Top of COLLECTED MATERIAL
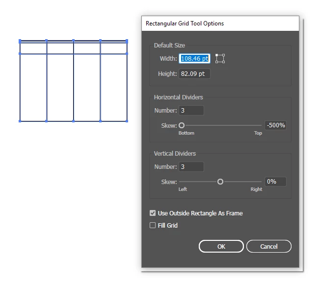 I haven't used the Rectangular Grid Tool in a while, but now I need to and I'm finding that the horizontal dividers skew is refusing to stay set to zero. I open the Rectangular Grid Tool Options, set the number of dividers, set the skews to zero, click OK, draw my grid, and the divisions come out non-linear, as shown below. When I look back at the options, the horizontal divider skew has reset to -500% or something of that order of magnitude. No matter what I do I can't seem to make Illustrator generate a regular grid. Really annoying.
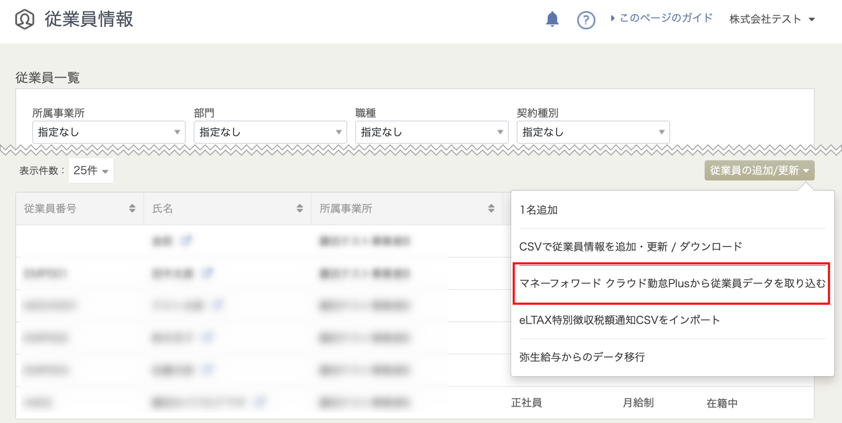 - 「従業員情報」画面で「従業員の追加/更新」をクリックし、「マネーフォワード クラウド勤怠Plusから従業員データを取り込む」を選択します。
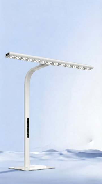 简约现代的书桌设计,温馨灯光营造舒适感,手账与书籍点缀文艺风,体现印刷风的精致细节。
Bottom of COLLECTED MATERIAL
WORK ORDER
In copying the listing, reproduce each line exactly and omit the pictures.

TASK SOLUTION
 I haven't used the Rectangular Grid Tool in a while, but now I need to and I'm finding that the horizontal dividers skew is refusing to stay set to zero. I open the Rectangular Grid Tool Options, set the number of dividers, set the skews to zero, click OK, draw my grid, and the divisions come out non-linear, as shown below. When I look back at the options, the horizontal divider skew has reset to -500% or something of that order of magnitude. No matter what I do I can't seem to make Illustrator generate a regular grid. Really annoying.
 - 「従業員情報」画面で「従業員の追加/更新」をクリックし、「マネーフォワード クラウド勤怠Plusから従業員データを取り込む」を選択します。
 简约现代的书桌设计,温馨灯光营造舒适感,手账与书籍点缀文艺风,体现印刷风的精致细节。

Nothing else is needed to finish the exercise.